The Great A&P and the Struggle for Small Business in America
Page 1
To my father
CONTENTS
Title Page
Dedication
1. The Verdict
2. The Founder
3. The Birth of the Great A&P
4. The Grocer
5. The Death of George F. Gilman
6. Gearing for Battle
7. The Economy Store
8. The Chain-Store Problem
9. Wrong Turns
10. The Profit Machine
11. Minute Men and Tax Men
12. The Supermarket
13. Franklin Roosevelt
14. Wright Patman
15. The Fixer
16. Friends
17. Defying Death
18. The Fourth Revolution
19. The Trustbuster
20. Mom and Pop’s Last Stand
21. The Fall
22. The Legacy
Notes
Bibliography
Acknowledgments
Index
Also by Marc Levinson
Copyright
1
THE VERDICT
Judge Walter C. Lindley was no one’s idea of a flaming radical.

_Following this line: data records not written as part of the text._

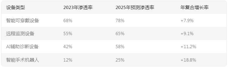 从产品类型看(表1),我国智能医疗设备技术渗透率呈现加速态势:
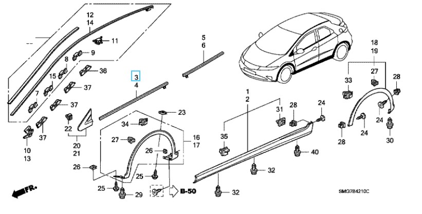 Home / Parts / Honda Civic / Civic 2006-2011 / Lighting / Exterior & Interior / Honda Civic 5 Door 2007-2011 OSF Door Scraper Moulding
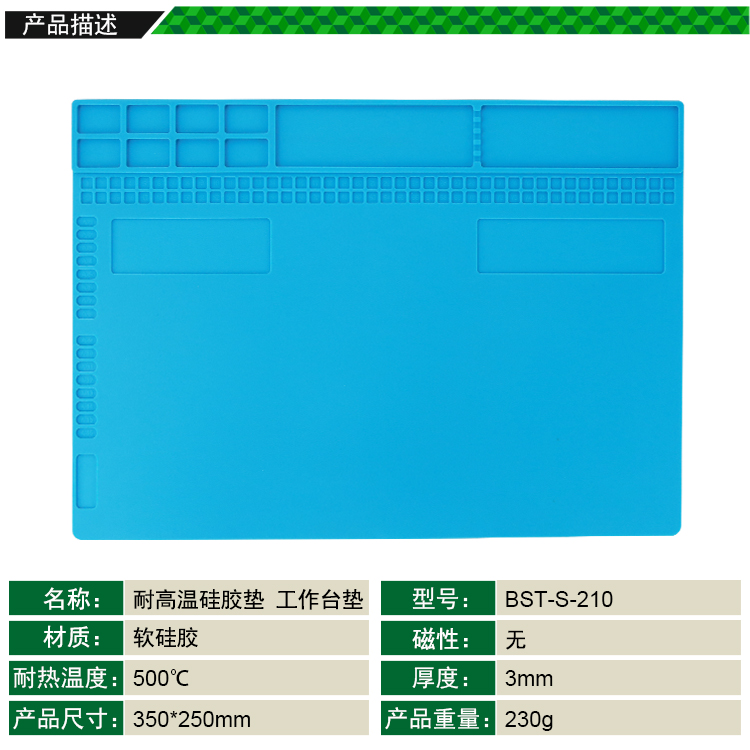 返回当前位置: 首页 / 产品中心 / BST-S-210 耐高温硅胶垫 工作台垫 带零件收纳区 隔热垫
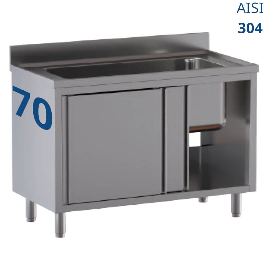 Stainless steel Aisi 304 cabinet sink with sliding doors, with 1 basin. Tub depth 50 cm and height 35 cm. Equipped with splashback.
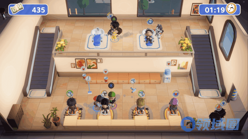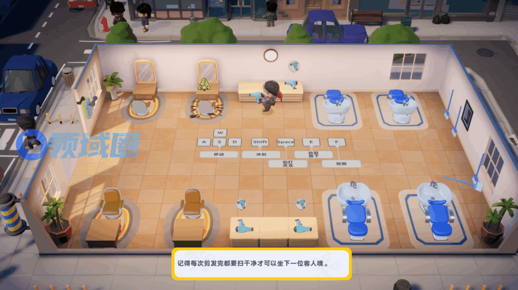 相较于其他派对游戏,主打欢乐的《乱剪一通》设置了合适的难度曲线。从最简单的洗头、剪发、打扫卫生,再到后续的烫头、染发、按摩、剃须QTE等……无论你是硬核操作党还是休闲 “手残党”,都能在3分钟内迅速入门。甚至不用死记硬背哪些按键,哪怕是WASD控制移动搭配一个空格键,就能让各路客人慷慨撒币。再加上这次公开的4名角色各自都有自己独特的加成属性,完全不用担心操作不过来而直接大脑过载!
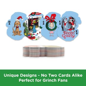 - PROCURANDO PRESENTES PARA GRINCH? Este baralho de cartas moldadas do Grinch é o melhor presente para fãs de todas as idades. Perfeito para noites de jogos, aniversários, meias, elefantes brancos e presentes de Natal, que todos adorarão receber de presente
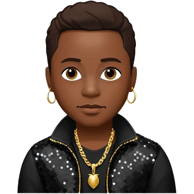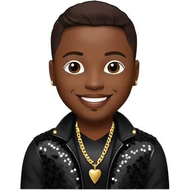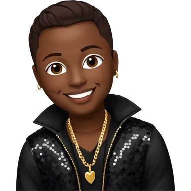 Nokio from Dru Hill with dark brown hair, black sequin outfit, dark skin emoji | AI Emoji Generator
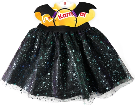 Schattig kostuum voor kleine heksjes met een luchtige tuturok met sterrenpatroon en een haarband met vleermuisvleugels. Ideaal voor Halloween, carnaval en verkleedpartijtjes thuis. De rok heeft een comfortabele elastische tailleband en een lengte van ca. 30 cm, waardoor hij perfect past voor kinderen van 3–7 jaar.
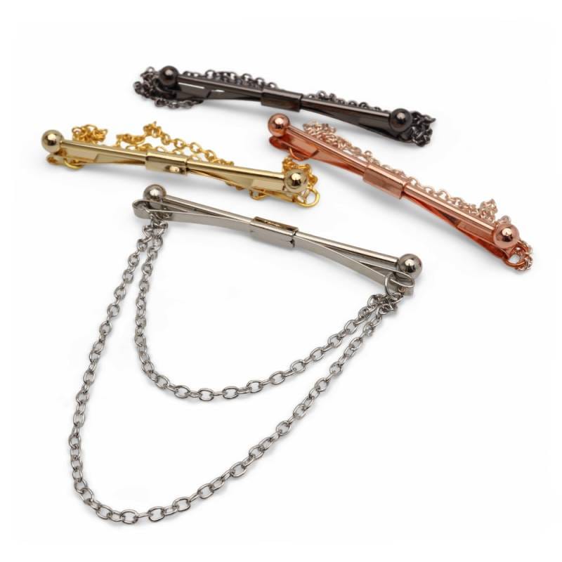 2連チェーンをセットしたメタリックカラーピン。4色 [zp016]
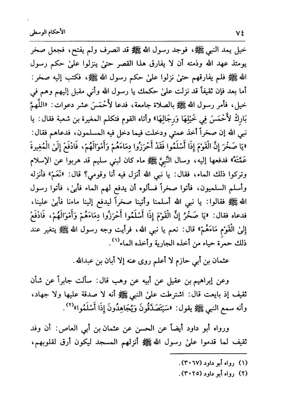 خيل يمد النبي - صلى الله عليه وسلم -، فوجد رسول الله - صلى الله عليه وسلم - قد انصرف ولم يفتح، فجعل صخر يومئذ عهد الله وذمته أن لا يفارق هذا القصر حتى ينزلوا على حكم رسول الله - صلى الله عليه وسلم - فلم يفارقهم حتى نزلوا على حكم رسول الله - صلى الله عليه وسلم -، فكتب إليه صخر: أما بعد فإن ثقيفًا قد نزلت على حكمك يا رسول الله وأني مقبل إليهم وهم في خيل، فأمر رسول الله - صلى الله عليه وسلم - بالصلاة جامعة، فدعا لأَحْمَسَ عشر دعوات: "اللَّهمَّ بَارِكْ لأَحْمَسَ فِي خيْلِهَا وَرِجَالِهَا" وأتاه القوم فتكلم المغيرة بن شعبة فقال: يا نبي الله إن صخرًا أخذ عمتي ودخلت فيما دخل فيه المسلمون، فدعاهم فقال: "يَا صَخْرَ إِنَّ الْقَوْمَ إِذَا أَسْلَمُوا فَقَدْ أَحْرَزُوا دِمَاءَهُمْ وَأَمْوَالَهُمْ، فَادْفَعْ إِلَى الْمُغِيرةَ عَمَّتَهُ" فدفعها إليه، وسال النَّبِيَّ - صلى الله عليه وسلم - ماء كان لبني سليم قد هربوا عن الإسلام وتركوا ذلك الماء، فقال: يا نبي الله أنزل فيه أنا وقومي؟ قال: "نَعَمْ" فأنزله وأسلم السلميون، فأتوا صخرًا فسألوه أن يدفع لهم الماء فأبى، فأتوا رسول الله - صلى الله عليه وسلم - فقالوا: يا نبي الله أسلمنا وأتينا صخرًا ليدفع إلينا ماءنا فأبى علينا، فدعاه فقال: "يَا صَخْرُ إِنَّ الْقَوْمَ إِذَا أَسْلَمُوا أَحْرَزُوا دِمَاءَهُمْ وَأَمْوَالَهُمْ، فَادْفَعْ إِلى الْقَوْمِ مَاءَهُمْ" قال: نعم يا نبي الله، فرأيت وجه رسول الله - صلى الله عليه وسلم - يتغير عند ذلك حمرة حياء من أخذه الجارية وأخذه الماء (¬1).

Born in 1880 in the village of Neoga, deep in the corn and soybean country of south-central Illinois, Lindley had a reputation as a scholar: at a time when many learned the law as apprentices rather than as students, he earned not only a law degree but also a doctorate in laws from the University of Illinois. In Danville, a commercial hub 150 miles south of Chicago, he became a man of prominence. He built a law practice, won a seat on the city council, and became an attorney for Joseph Cannon, who served eight years as the ironfisted Speaker of the U.S. House of Representatives and represented Danville in Congress for almost half a century.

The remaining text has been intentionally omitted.